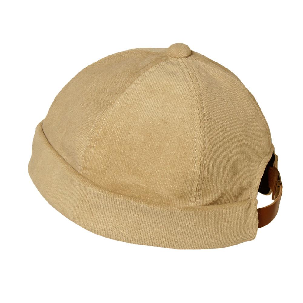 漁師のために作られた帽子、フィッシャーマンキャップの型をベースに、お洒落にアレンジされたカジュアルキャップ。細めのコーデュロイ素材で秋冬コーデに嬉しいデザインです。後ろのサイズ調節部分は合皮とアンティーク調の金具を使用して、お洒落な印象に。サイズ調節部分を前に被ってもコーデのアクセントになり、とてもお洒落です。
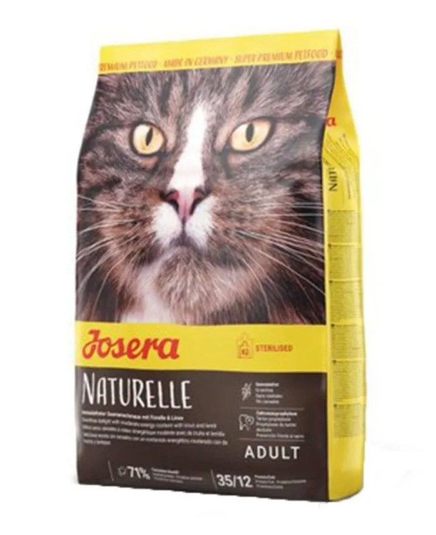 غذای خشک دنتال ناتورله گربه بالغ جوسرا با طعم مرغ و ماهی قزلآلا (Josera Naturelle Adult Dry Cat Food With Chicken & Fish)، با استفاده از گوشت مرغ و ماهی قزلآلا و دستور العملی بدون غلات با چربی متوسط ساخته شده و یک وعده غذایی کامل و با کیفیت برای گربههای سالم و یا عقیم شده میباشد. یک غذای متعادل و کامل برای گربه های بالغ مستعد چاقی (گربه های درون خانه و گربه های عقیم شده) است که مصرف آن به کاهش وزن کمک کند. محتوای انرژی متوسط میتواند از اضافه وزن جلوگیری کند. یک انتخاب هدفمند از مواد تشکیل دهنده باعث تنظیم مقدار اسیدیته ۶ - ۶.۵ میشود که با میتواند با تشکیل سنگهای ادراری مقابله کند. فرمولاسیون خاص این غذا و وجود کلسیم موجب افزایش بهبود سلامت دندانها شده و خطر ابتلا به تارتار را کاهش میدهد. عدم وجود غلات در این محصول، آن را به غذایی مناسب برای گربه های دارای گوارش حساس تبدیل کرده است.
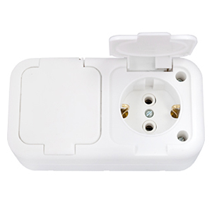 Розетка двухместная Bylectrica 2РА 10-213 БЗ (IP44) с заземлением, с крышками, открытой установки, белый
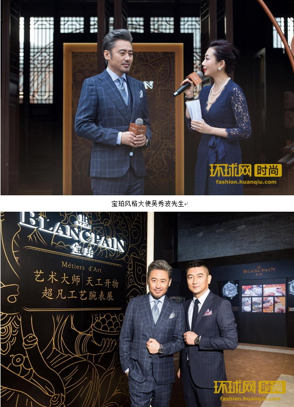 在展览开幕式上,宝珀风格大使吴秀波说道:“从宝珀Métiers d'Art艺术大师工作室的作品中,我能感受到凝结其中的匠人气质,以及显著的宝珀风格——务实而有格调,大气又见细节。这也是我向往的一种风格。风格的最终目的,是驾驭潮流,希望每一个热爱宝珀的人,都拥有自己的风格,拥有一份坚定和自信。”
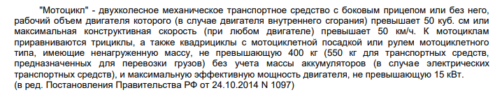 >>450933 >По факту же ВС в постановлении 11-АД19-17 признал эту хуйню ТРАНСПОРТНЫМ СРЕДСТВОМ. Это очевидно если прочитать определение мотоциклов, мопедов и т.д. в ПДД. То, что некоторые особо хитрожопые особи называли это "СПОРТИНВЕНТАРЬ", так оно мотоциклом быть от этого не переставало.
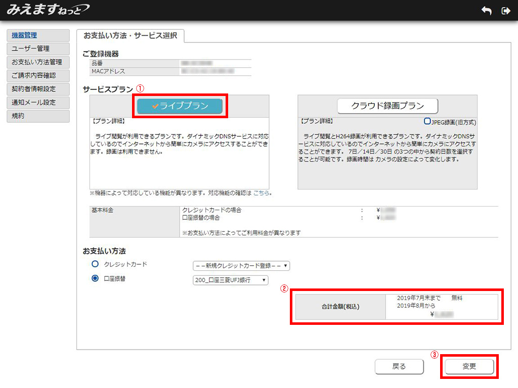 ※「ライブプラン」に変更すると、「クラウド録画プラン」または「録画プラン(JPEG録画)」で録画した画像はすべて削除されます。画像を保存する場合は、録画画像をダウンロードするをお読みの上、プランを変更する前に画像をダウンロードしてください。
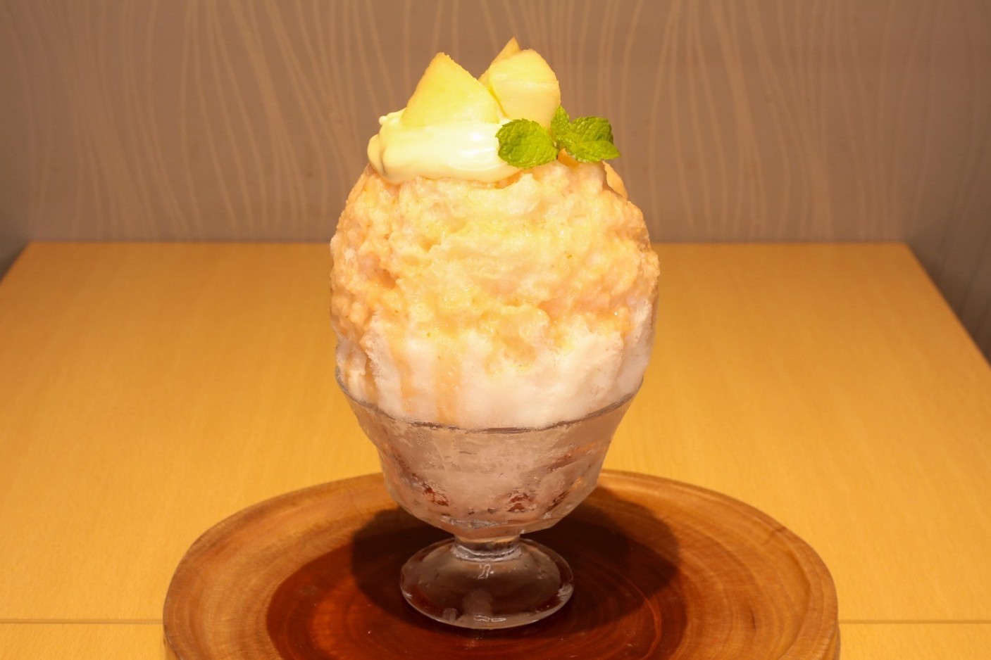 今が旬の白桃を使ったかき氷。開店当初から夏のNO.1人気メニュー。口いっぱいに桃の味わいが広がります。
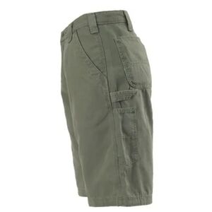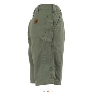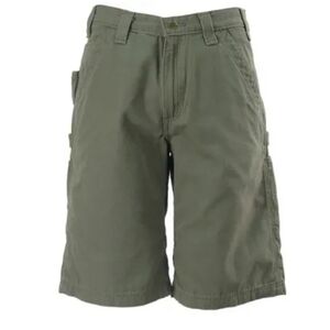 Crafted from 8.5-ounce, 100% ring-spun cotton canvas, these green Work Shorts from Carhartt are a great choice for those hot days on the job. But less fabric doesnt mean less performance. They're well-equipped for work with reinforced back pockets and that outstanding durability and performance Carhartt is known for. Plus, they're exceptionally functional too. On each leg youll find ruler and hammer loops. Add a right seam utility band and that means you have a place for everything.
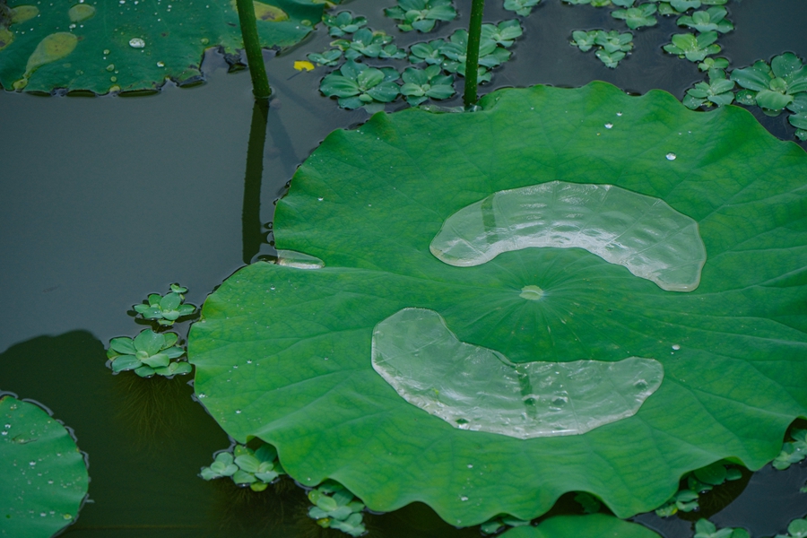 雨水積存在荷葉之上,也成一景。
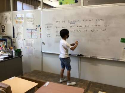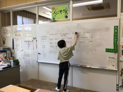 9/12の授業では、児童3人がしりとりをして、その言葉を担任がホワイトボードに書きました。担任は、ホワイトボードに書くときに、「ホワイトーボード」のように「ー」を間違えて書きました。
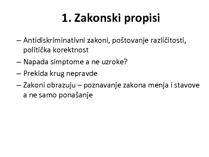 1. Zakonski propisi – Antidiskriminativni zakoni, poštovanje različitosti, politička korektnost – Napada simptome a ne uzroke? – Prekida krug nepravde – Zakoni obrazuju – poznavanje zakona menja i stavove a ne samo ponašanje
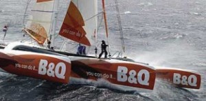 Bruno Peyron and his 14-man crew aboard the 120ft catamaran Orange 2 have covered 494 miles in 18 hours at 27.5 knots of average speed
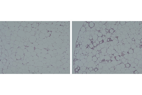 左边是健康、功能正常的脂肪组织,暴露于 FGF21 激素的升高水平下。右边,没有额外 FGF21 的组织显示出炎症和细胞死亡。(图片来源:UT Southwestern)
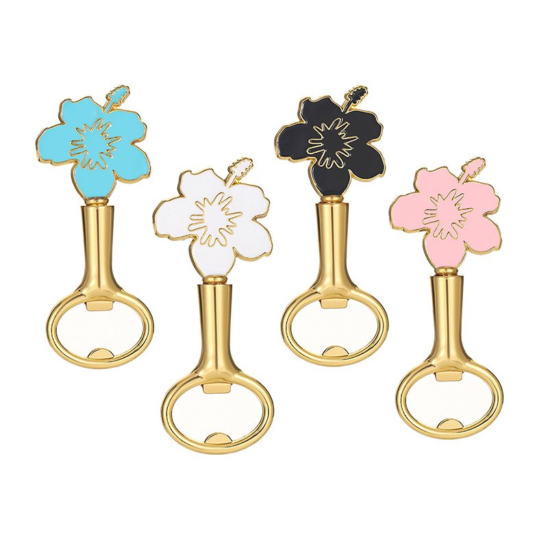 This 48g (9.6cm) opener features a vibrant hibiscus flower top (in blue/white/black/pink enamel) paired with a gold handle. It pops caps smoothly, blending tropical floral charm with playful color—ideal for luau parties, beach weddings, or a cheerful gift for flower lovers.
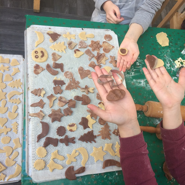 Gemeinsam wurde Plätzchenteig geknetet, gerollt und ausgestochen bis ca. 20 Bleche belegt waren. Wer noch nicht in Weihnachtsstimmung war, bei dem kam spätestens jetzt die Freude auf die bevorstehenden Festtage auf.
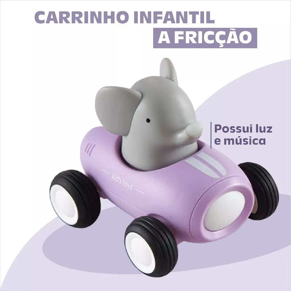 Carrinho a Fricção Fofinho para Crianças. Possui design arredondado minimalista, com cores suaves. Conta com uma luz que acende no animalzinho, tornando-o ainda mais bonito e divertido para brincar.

Requirement: Without the pictures, extract every entry verbatim.

Result of the exercise:
 漁師のために作られた帽子、フィッシャーマンキャップの型をベースに、お洒落にアレンジされたカジュアルキャップ。細めのコーデュロイ素材で秋冬コーデに嬉しいデザインです。後ろのサイズ調節部分は合皮とアンティーク調の金具を使用して、お洒落な印象に。サイズ調節部分を前に被ってもコーデのアクセントになり、とてもお洒落です。
 غذای خشک دنتال ناتورله گربه بالغ جوسرا با طعم مرغ و ماهی قزلآلا (Josera Naturelle Adult Dry Cat Food With Chicken & Fish)، با استفاده از گوشت مرغ و ماهی قزلآلا و دستور العملی بدون غلات با چربی متوسط ساخته شده و یک وعده غذایی کامل و با کیفیت برای گربههای سالم و یا عقیم شده میباشد. یک غذای متعادل و کامل برای گربه های بالغ مستعد چاقی (گربه های درون خانه و گربه های عقیم شده) است که مصرف آن به کاهش وزن کمک کند. محتوای انرژی متوسط میتواند از اضافه وزن جلوگیری کند. یک انتخاب هدفمند از مواد تشکیل دهنده باعث تنظیم مقدار اسیدیته ۶ - ۶.۵ میشود که با میتواند با تشکیل سنگهای ادراری مقابله کند. فرمولاسیون خاص این غذا و وجود کلسیم موجب افزایش بهبود سلامت دندانها شده و خطر ابتلا به تارتار را کاهش میدهد. عدم وجود غلات در این محصول، آن را به غذایی مناسب برای گربه های دارای گوارش حساس تبدیل کرده است.
 Розетка двухместная Bylectrica 2РА 10-213 БЗ (IP44) с заземлением, с крышками, открытой установки, белый
 在展览开幕式上,宝珀风格大使吴秀波说道:“从宝珀Métiers d'Art艺术大师工作室的作品中,我能感受到凝结其中的匠人气质,以及显著的宝珀风格——务实而有格调,大气又见细节。这也是我向往的一种风格。风格的最终目的,是驾驭潮流,希望每一个热爱宝珀的人,都拥有自己的风格,拥有一份坚定和自信。”
 >>450933 >По факту же ВС в постановлении 11-АД19-17 признал эту хуйню ТРАНСПОРТНЫМ СРЕДСТВОМ. Это очевидно если прочитать определение мотоциклов, мопедов и т.д. в ПДД. То, что некоторые особо хитрожопые особи называли это "СПОРТИНВЕНТАРЬ", так оно мотоциклом быть от этого не переставало.
 ※「ライブプラン」に変更すると、「クラウド録画プラン」または「録画プラン(JPEG録画)」で録画した画像はすべて削除されます。画像を保存する場合は、録画画像をダウンロードするをお読みの上、プランを変更する前に画像をダウンロードしてください。
 今が旬の白桃を使ったかき氷。開店当初から夏のNO.1人気メニュー。口いっぱいに桃の味わいが広がります。
 Crafted from 8.5-ounce, 100% ring-spun cotton canvas, these green Work Shorts from Carhartt are a great choice for those hot days on the job. But less fabric doesnt mean less performance. They're well-equipped for work with reinforced back pockets and that outstanding durability and performance Carhartt is known for. Plus, they're exceptionally functional too. On each leg youll find ruler and hammer loops. Add a right seam utility band and that means you have a place for everything.
 雨水積存在荷葉之上,也成一景。
 9/12の授業では、児童3人がしりとりをして、その言葉を担任がホワイトボードに書きました。担任は、ホワイトボードに書くときに、「ホワイトーボード」のように「ー」を間違えて書きました。
 1. Zakonski propisi – Antidiskriminativni zakoni, poštovanje različitosti, politička korektnost – Napada simptome a ne uzroke? – Prekida krug nepravde – Zakoni obrazuju – poznavanje zakona menja i stavove a ne samo ponašanje
 Bruno Peyron and his 14-man crew aboard the 120ft catamaran Orange 2 have covered 494 miles in 18 hours at 27.5 knots of average speed
 左边是健康、功能正常的脂肪组织,暴露于 FGF21 激素的升高水平下。右边,没有额外 FGF21 的组织显示出炎症和细胞死亡。(图片来源:UT Southwestern)
 This 48g (9.6cm) opener features a vibrant hibiscus flower top (in blue/white/black/pink enamel) paired with a gold handle. It pops caps smoothly, blending tropical floral charm with playful color—ideal for luau parties, beach weddings, or a cheerful gift for flower lovers.
 Gemeinsam wurde Plätzchenteig geknetet, gerollt und ausgestochen bis ca. 20 Bleche belegt waren. Wer noch nicht in Weihnachtsstimmung war, bei dem kam spätestens jetzt die Freude auf die bevorstehenden Festtage auf.
 Carrinho a Fricção Fofinho para Crianças. Possui design arredondado minimalista, com cores suaves. Conta com uma luz que acende no animalzinho, tornando-o ainda mais bonito e divertido para brincar.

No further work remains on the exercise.